Hellboy: The Sleeping and the Dead #2

by Greg McElhatton, Reviewer |

Story by
Mike Mignola
Art by
Scott Hampton
Colors by
Dave Stewart
Letters by
Clem Robins
Cover by
Mike Mignola, Dave Stewart
Publisher
Dark Horse Comics
Cover Price
$3.50 (USD)
Release Date
Feb 2nd, 2011

Wed, February 2nd, 2011 at 7:34PM (PST)


Scott Hampton knows horror. That's been evident ever since a friend of mine showed me Hampton's adaptation of "Pigeons from Hell" many years ago (and trust me, it's creepy). So when Dark Horse announced that "Hellboy: The Sleeping and the Dead" would have Hampton drawing a script by Mike Mignola? Why yes, that was reason to salivate in anticipation.

Happily, the book has turned out as good as one would hope.

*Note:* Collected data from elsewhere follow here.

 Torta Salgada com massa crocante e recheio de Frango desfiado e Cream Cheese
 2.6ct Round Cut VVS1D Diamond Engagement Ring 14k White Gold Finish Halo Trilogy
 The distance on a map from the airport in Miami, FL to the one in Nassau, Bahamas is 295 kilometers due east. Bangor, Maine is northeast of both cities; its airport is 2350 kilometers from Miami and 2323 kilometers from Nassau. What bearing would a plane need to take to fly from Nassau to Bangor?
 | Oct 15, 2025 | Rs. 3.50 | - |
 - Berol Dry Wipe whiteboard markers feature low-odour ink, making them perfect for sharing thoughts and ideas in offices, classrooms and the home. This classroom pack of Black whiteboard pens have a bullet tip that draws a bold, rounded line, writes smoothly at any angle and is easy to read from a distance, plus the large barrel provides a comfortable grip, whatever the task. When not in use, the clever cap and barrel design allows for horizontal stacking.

With Hellboy fighting a ghoul in an underground crypt, there's a small part of me which keeps flashing back to "Hellboy: The Wolves of St. August." As that's my favorite "Hellboy" comic ever, that's a good thing. The children's nursery rhymes coming out of Mary's mouth as she fights Hellboy are there just enough to be creepy, but not so overwhelming that it ever grows distracting. And like so many of the best "Hellboy" stories, Mignola avoids making "Hellboy: The Sleeping and the Dead" simply about a monster. Instead there's more than initially meets the eye, something that results in a satisfying ending.

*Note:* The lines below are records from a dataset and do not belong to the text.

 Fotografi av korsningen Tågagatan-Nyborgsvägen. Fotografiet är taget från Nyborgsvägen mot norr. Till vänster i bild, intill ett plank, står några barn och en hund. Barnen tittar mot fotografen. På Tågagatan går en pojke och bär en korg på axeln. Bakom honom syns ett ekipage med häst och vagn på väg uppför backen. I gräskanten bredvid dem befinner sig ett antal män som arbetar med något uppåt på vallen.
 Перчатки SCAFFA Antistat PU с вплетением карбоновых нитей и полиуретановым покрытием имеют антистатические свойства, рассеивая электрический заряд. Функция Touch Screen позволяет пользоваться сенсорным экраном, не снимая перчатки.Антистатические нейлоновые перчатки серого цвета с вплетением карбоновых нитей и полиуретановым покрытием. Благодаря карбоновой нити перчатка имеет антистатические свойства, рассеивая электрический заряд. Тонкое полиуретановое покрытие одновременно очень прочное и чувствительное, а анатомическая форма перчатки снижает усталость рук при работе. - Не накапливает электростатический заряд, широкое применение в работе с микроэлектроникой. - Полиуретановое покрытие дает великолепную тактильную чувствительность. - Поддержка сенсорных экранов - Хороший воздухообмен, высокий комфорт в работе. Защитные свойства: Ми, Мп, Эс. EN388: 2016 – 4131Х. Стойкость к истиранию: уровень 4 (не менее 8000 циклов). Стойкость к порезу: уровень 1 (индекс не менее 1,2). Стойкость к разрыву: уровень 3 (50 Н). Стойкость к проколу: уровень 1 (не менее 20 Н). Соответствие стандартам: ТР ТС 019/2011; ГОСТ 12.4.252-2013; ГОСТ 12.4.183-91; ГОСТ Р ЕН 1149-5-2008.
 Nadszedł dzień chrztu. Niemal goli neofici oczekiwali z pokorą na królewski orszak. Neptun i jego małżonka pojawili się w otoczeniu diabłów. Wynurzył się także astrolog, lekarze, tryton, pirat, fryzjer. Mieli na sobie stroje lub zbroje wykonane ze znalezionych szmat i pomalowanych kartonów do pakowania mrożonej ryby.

The only part of the script that I wasn't so fond of was the subplot involving the B.P.R.D. teammates outside the mansion that get attacked. I get that Mignola was trying to show that there's a wider-reaching danger to this story than just Hellboy getting beaten up, but it's hard to keep from feeling like it was filler. If nothing else, every time it cut away from Hellboy I found myself growing a little impatient until the action would shift back to underground.

And as for the art, well, it looks gorgeous. If Dave Stewart didn't have a coloring credit I'd have assumed that Hampton had painted the comic, the integration between the two looking so smooth. Characters under Hampton's pencil look real, ghouls look like actual rotting corpses, and Hellboy still looks awesome. The fight between Mary and Hellboy moves across the page well (this might well be the first traditional fight scene I've ever seen Hampton illustrate), and those drawings of the crypt are actually a little unnerving, there's so much creepy atmosphere going on here.

While we wait for "Hellboy: The Fury," this is a great way to catch your breath and get a fun little two-parter. I love that Mignola spends as much time with his side-stories in making them as entertaining as the core "Hellboy" comics; this is another winner from the Mignola-verse.